# (YET ANOTHER) Apple Hardware Test Error Code



## segfault (Aug 25, 2008)

Hi...

Unfortunately my son dropped a glass of coke near my MacBook (2nd Generation), near its left side. As far as i saw, since the macbook was not so near the table, looked like the coke didn't get inside it.

However, after that, i'm experiencing some random reboots while using Mac OS. I ran the Apple Hardware Test, and got the following error:

4SNS/1/4000000: TBOT

As i searched around, looks like its related to the logic board. But what does mean the "TBOT" part of the error code? 

My macbook is not recognizing the battery anymore, however i'm able to use Linux while plugged in, so i thought that could be related to some battery or thermal sensor.

Thanks for any help.


----------



## Giaguara (Aug 25, 2008)

Could be thermal sensor if I remember correct.
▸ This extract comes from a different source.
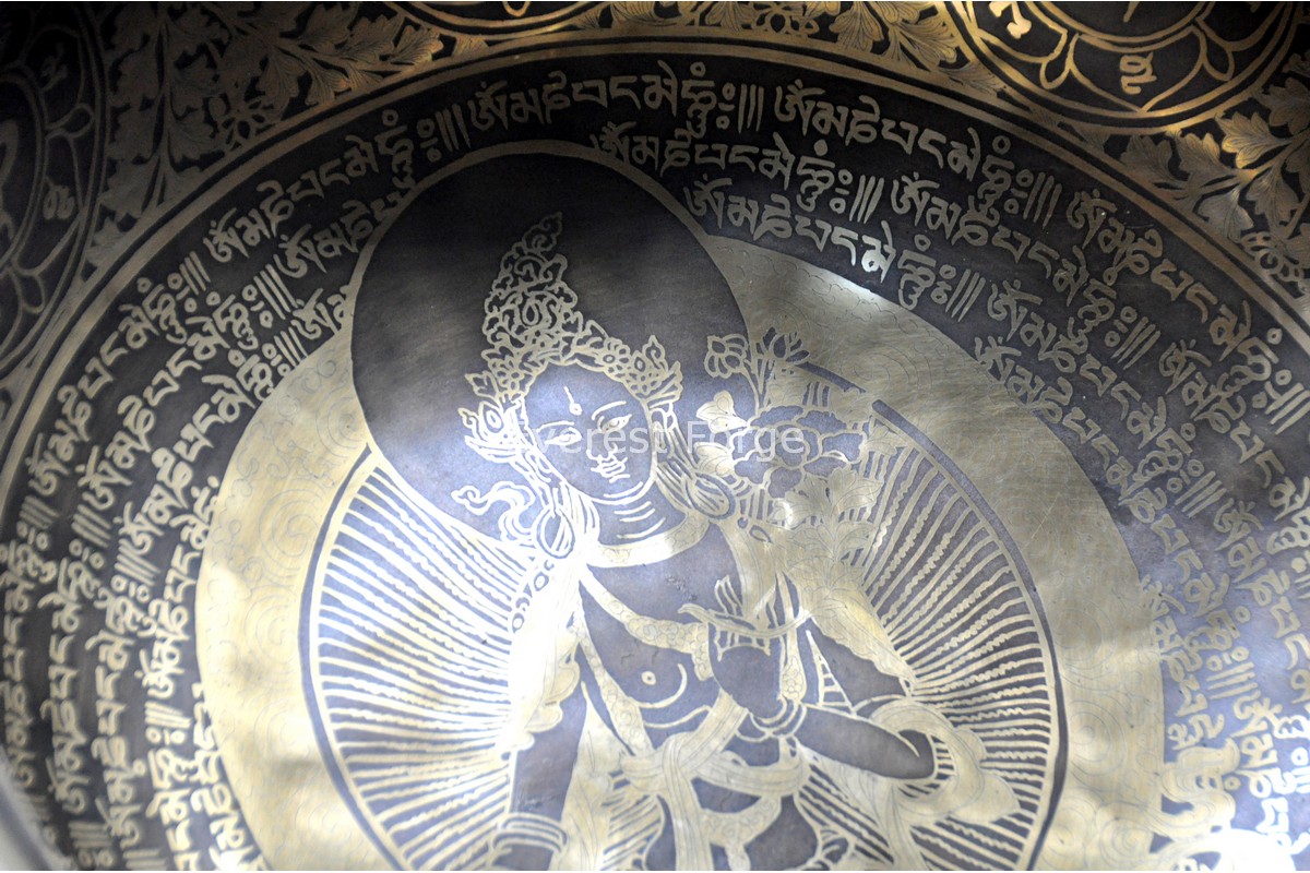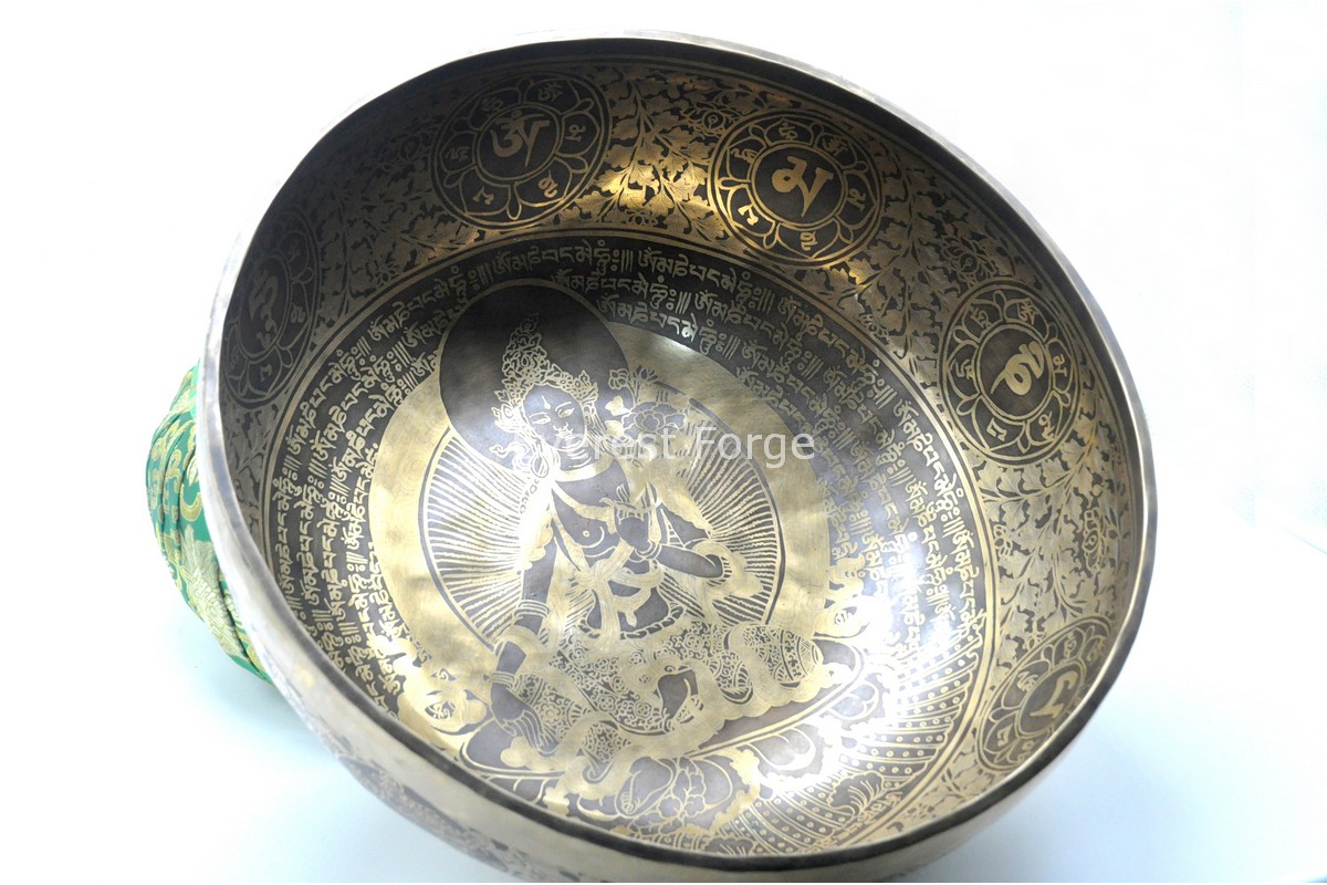 Large Green Tara Singing Bowl – Tibetan Mantras, Auspicious Symbols & Flower of Life

Any luck in recalibrating battery (http://docs.info.apple.com/article.html?path=Mac/10.4/en/mh2339.html) or getting it even just recognized with reset PRAM?


----------



## segfault (Aug 25, 2008)

Nahh... it doesn't even recognize my battery. Tried removing everything (even the battery), pressing the power button for 5 secs or so, and plugging everying again... no help.


----------



## Satcomer (Aug 25, 2008)

If you don't have AppleCare on it anymore a cheap company (in the States) for MacBook and Macbook Pro repair is MacService.com.


----------



## Hughvane (Aug 25, 2008)

Or iFixit http://www.ifixit.com/


----------



## segfault (Aug 26, 2008)

Yes, but unfortunately i'm not in the US. I just want to know what the error code means, if i can buy a part (probably the battery one) and change myself, or i'm totally screwed, hehe.


----------



## Hughvane (Aug 26, 2008)

Does this help you? http://discussions.apple.com/thread.jspa?threadID=1450379&tstart=70

And the thing about that ifixit site is that _you_ do the fixing, they tell you how.


----------